Rayhawk wrote:I tried making a system for stuff like this back in the nineties, but it always got too bogged down when you actually tried to use it, so I gave up. Maybe it would work for something like a forum battle though, since the time scale is different than games played in person.
The idea was that you took a map of territories like this, except built on a baseplate so you can stack bricks on it to show how the territories are built up. Territories might have all the usual wargamey bits, towns or forts or roads or weird terrain features, but the important thing to keep track of game-mechanics wise were Infrastructure (how many CPs of buildings and fortifications are present), Workers (how many minifigs are producing resources for you), and Investment (how much the people in that region support your cause). You also had little army flags that you could run around the map, but you didn't have to decide what kinds of units were in them until the enemy scouted them or they moved into a region where you had some Investment.

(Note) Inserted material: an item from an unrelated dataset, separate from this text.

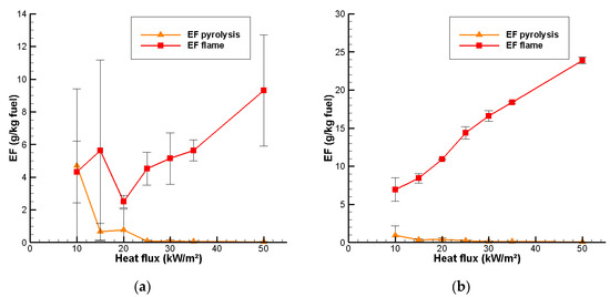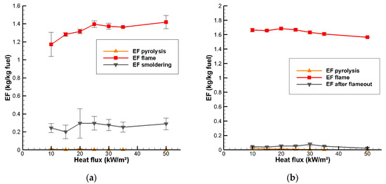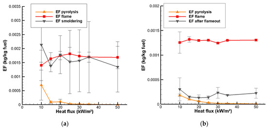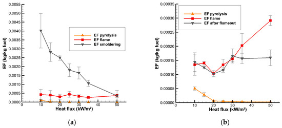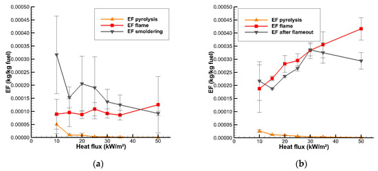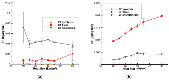 Aerosol production was calculated as described in Section 2.3. For wood, we use the values of the mass specific extinction area, σa, from the literature [35]; i.e., 3300 and 8300 m2/kg for the pre-ignition and flame phases, respectively. For thermoplastic, we calculated an average value of σa with the mass of soot collected on the filters positioned upstream of the pipes connected to the Tenax tubes (see Figure 1). The value of the mass specific extinction area obtained for thermoplastic is σa = 8320 ± 2720 m2/kg. Figure 17 displays the EF for aerosol for wood and thermoplastic samples. For the wood samples (Figure 17a), a decrease in aerosol production in the pyrolysis phase can be observed, whereas an increase occurs in the flame phase when the heat flux increases. Again, the duration of the pyrolysis phase, which decreases drastically with an increasing heat flux, is the reason for the low magnitude of EF at high heat fluxes. The same observations can be made for thermoplastics (Figure 17b). However, the presence of aerosol in the pyrolysis phase is much lower than for wood. Finally, the curve corresponding to the flame phase follows a linear increase with the heat flux.
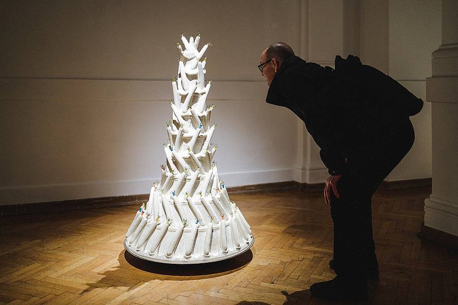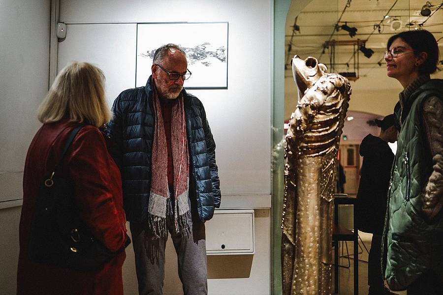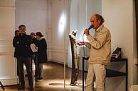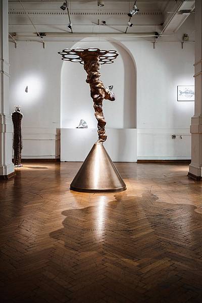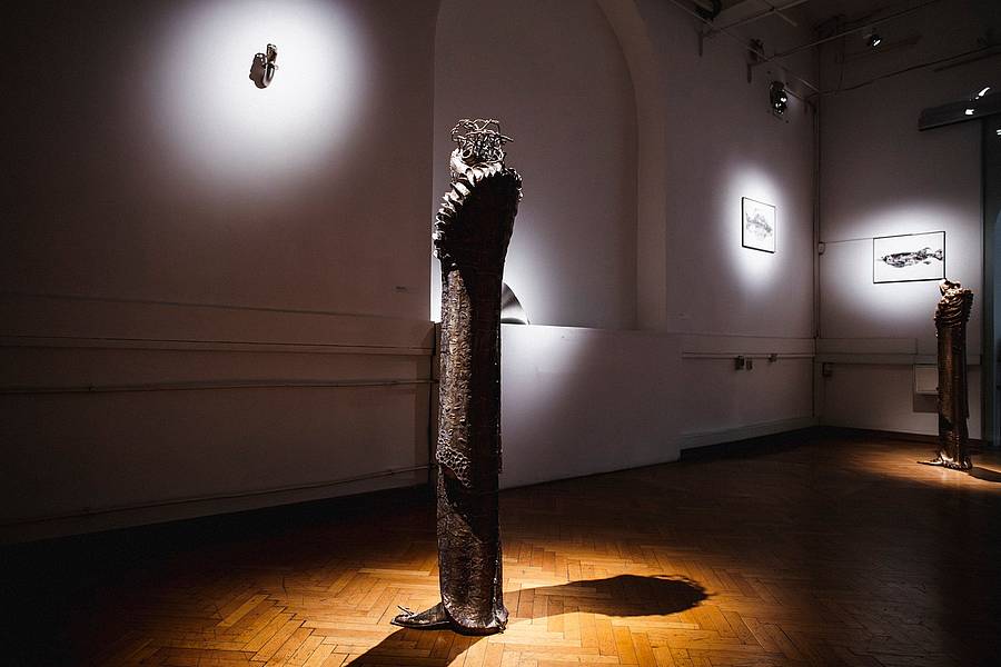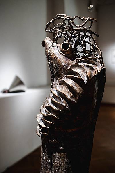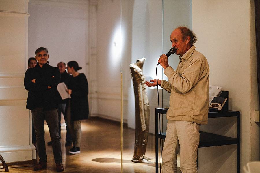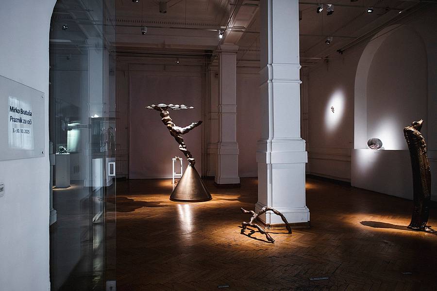Mirko Bratuša, one of Slovenia’s best-known and most prolific sculptors, has not only presented numerous exhibitions and installations but has also created a wide range of public sculptures and monuments. He approaches his work through diverse techniques and employs a broad spectrum of materials, from natural ones such as clay, wood and metal – especially bronze – to artificial materials like polyester as well as industrial products. His works are often animated with electricity, heating elements and water, enriched with sound or even interwoven with new technologies. The layering of materials, the multiplicity of motifs and themes and the simultaneous interplay of archaic and contemporary subjects give rise to allegorical, symbolic and fantastical images, in which detail is as significant as the whole.

It was nice in some ways because you could avoid deciding what kinds of things were actually in any particular army or region until it was time to have a battle there - then you built the infrastructure according to how much Infrastructure you had, and laid traps and got advance knowledge of enemy positions and army composition according to Investment, and had workers and workshops to protect according to Workers.
It was a pretty clean little system in general but bogged way down when it got to specifics. But maybe there's some ideas in there you can play off of, if you really want to do an epic-style strategic campaign.
Why not just make the field smaller? You could reduce this scenario to a few minifigs per team, individual buildings on 32X32 baseplates as territories, and small vehicles (4-wide cars, motorcycles, horses, etc.) and simplify it greatly. The backstory could be something like a turf war between different crime gangs in a city: the gangs make money according to the number of Workers in the buildings they control, then use that money to hire more people and buy vehicles and weapons. But... if an area's investment falls too low, then all of the people you hired from that area (as opposed to the people you started the game with) will desert you unless you pay them more, and the workers in that area will start forming unions and demanding more pay (or, if the investment gets really low, rioting). I'd do it myself, but as I've said before I don't have a lot of baseplates or the money to buy them.